DATA PROVIDED:
------------------------------------------------------------------------
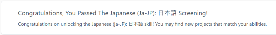 合格すると下記のように日本語スクリーニングに合格した、というメッセージが表示されます。
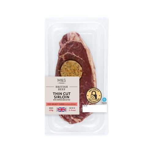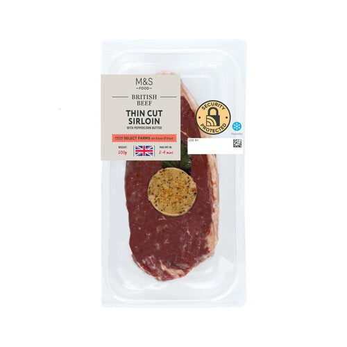 This M&S offering features tender, thin-cut British sirloin steak prepared for convenience. Each portion is complemented by a rich peppercorn butter, adding depth of flavour to the meat.
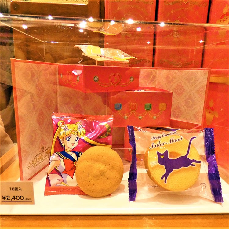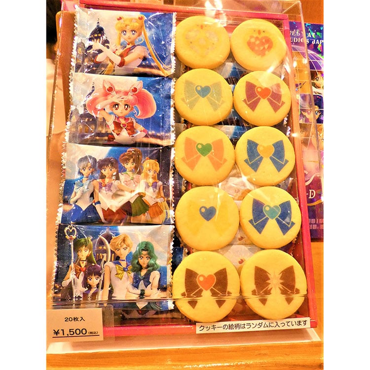 コズミックハートコンパクトやセーラー戦士のリボンがデザインされたクッキーはおみやげにもぴったりです。
------------------------------------------------------------------------
WHAT TO WORK ON: The result should be a verbatim copy of the data, free of pictures.

SOLUTION TO THIS TASK:
 合格すると下記のように日本語スクリーニングに合格した、というメッセージが表示されます。
 This M&S offering features tender, thin-cut British sirloin steak prepared for convenience. Each portion is complemented by a rich peppercorn butter, adding depth of flavour to the meat.
 コズミックハートコンパクトやセーラー戦士のリボンがデザインされたクッキーはおみやげにもぴったりです。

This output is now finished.